◆ DATA UNDER STUDY:
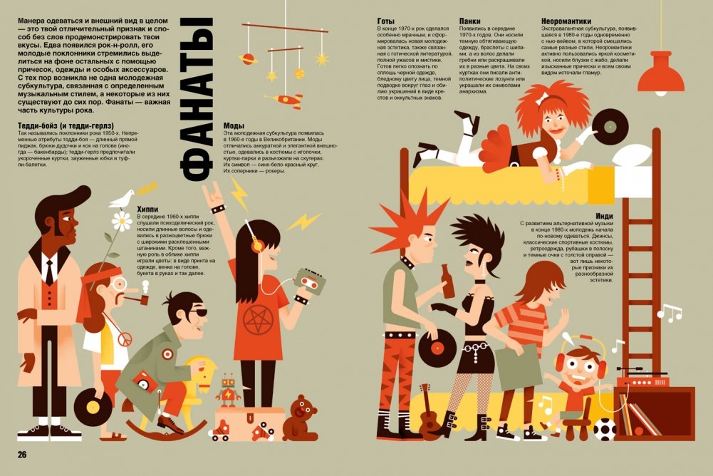 «Иллюстрированная история рока» — книга про эту революцию. Она расскажет о группах и исполнителях, о самых важных песнях и альбомах, о фестивалях и фанатах, о звукозаписывающих компаниях, музыкальных журналах и передачах — короче, обо всем!
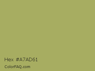 Hex #a7ad61 Color is a normal yellow color and the nearest color is Green Smoke #a4af6e. Hex code #a7ad61 and RGB value is rgb(167,173,97). In RGB color space, this color is composed of 65% red, 68% green, 38% blue, In CMYK color space, this color is composed of 3% cyan, 0% magenta, 44% yellow , 32% black , In HSL color space, this color has a hue angle of 65° , 32% saturation and 53% lightness.
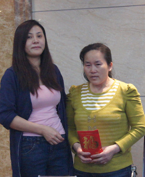 公司董事長劉燕將善款交到市政中心保潔員劉堯玉手中
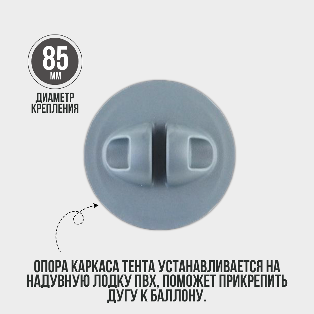 Опора каркаса тента устанавливается на надувную лодку пвх, поможет прикрепить дугу к баллону. Крепление имеет диаметр 85 мм. Приклеивается с помощью полиуретанового клея. В изделие ставится наконечник на трубу.
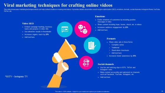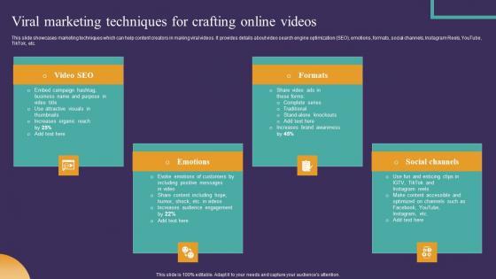 This slide showcases marketing techniques which can help content creators in making viral videos. It provides details about video search engine optimization SEO, emotions, formats, social channels, Instagram Reels, YouTube, TikTok, etc. Want to ace your presentation in front of a live audience Our Go Viral Campaign Strategies To Increase Engagement Viral Marketing Techniques Crafting Online Videos Demonstration PDF can help you do that by engaging all the users towards you. Slidegeeks experts have put their efforts and expertise into creating these impeccable powerpoint presentations so that you can communicate your ideas clearly. Moreover, all the templates are customizable, and easy to edit and downloadable. Use these for both personal and commercial use.
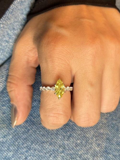 Anel Navete Prata com Zircônia Amarela – Coleção Aurora Dourada
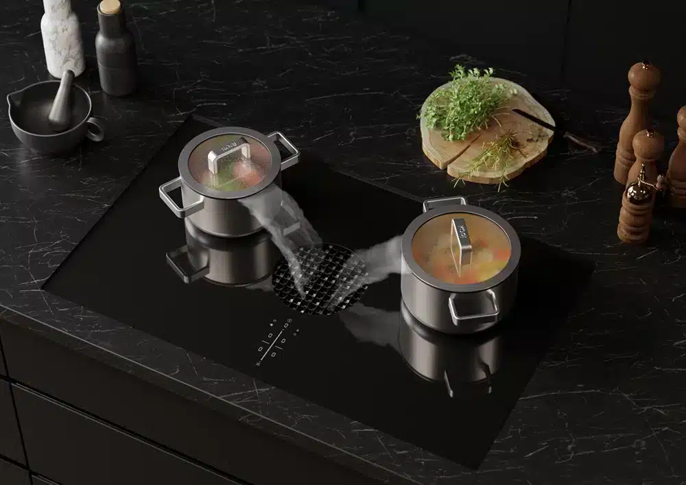 Het nederlandse merk Koqi heeft met hun pannen, die speciaal ontwikkeld zijn voor downdraft afzuiging, een schot in de roos! Schitterende design pannen gemaakt van de mooiste materialen en perfect voor wanneer je een kookplaat met geintegreerde afzuiging hebt zoals die van Bora, Miele, AEG of Siemens. Door het handige deksel wordt de stoom en nare etensgeuren direct geleid naar de afzuiging. Ook zijn de pannen makkelijk af te gieten zonder dat je de deksel schuin op de pan hoeft te leggen. Zie ook de bakpannen ,waaronder de koekenpannen en de wok. die zijn voorzien van een 100% PFAS vrije keramische antikleeflaag. De pannen zijn zowel los verkrijgbaar als in sets. In de sets heb je een stuk voordeel in prijs.

◆ ACTION ITEM: The whole listing must be transcribed exactly. No pictures belong in the copy.

◆ RESULT OF THE EXERCISE:
 «Иллюстрированная история рока» — книга про эту революцию. Она расскажет о группах и исполнителях, о самых важных песнях и альбомах, о фестивалях и фанатах, о звукозаписывающих компаниях, музыкальных журналах и передачах — короче, обо всем!
 Hex #a7ad61 Color is a normal yellow color and the nearest color is Green Smoke #a4af6e. Hex code #a7ad61 and RGB value is rgb(167,173,97). In RGB color space, this color is composed of 65% red, 68% green, 38% blue, In CMYK color space, this color is composed of 3% cyan, 0% magenta, 44% yellow , 32% black , In HSL color space, this color has a hue angle of 65° , 32% saturation and 53% lightness.
 公司董事長劉燕將善款交到市政中心保潔員劉堯玉手中
 Опора каркаса тента устанавливается на надувную лодку пвх, поможет прикрепить дугу к баллону. Крепление имеет диаметр 85 мм. Приклеивается с помощью полиуретанового клея. В изделие ставится наконечник на трубу.
 This slide showcases marketing techniques which can help content creators in making viral videos. It provides details about video search engine optimization SEO, emotions, formats, social channels, Instagram Reels, YouTube, TikTok, etc. Want to ace your presentation in front of a live audience Our Go Viral Campaign Strategies To Increase Engagement Viral Marketing Techniques Crafting Online Videos Demonstration PDF can help you do that by engaging all the users towards you. Slidegeeks experts have put their efforts and expertise into creating these impeccable powerpoint presentations so that you can communicate your ideas clearly. Moreover, all the templates are customizable, and easy to edit and downloadable. Use these for both personal and commercial use.
 Anel Navete Prata com Zircônia Amarela – Coleção Aurora Dourada
 Het nederlandse merk Koqi heeft met hun pannen, die speciaal ontwikkeld zijn voor downdraft afzuiging, een schot in de roos! Schitterende design pannen gemaakt van de mooiste materialen en perfect voor wanneer je een kookplaat met geintegreerde afzuiging hebt zoals die van Bora, Miele, AEG of Siemens. Door het handige deksel wordt de stoom en nare etensgeuren direct geleid naar de afzuiging. Ook zijn de pannen makkelijk af te gieten zonder dat je de deksel schuin op de pan hoeft te leggen. Zie ook de bakpannen ,waaronder de koekenpannen en de wok. die zijn voorzien van een 100% PFAS vrije keramische antikleeflaag. De pannen zijn zowel los verkrijgbaar als in sets. In de sets heb je een stuk voordeel in prijs.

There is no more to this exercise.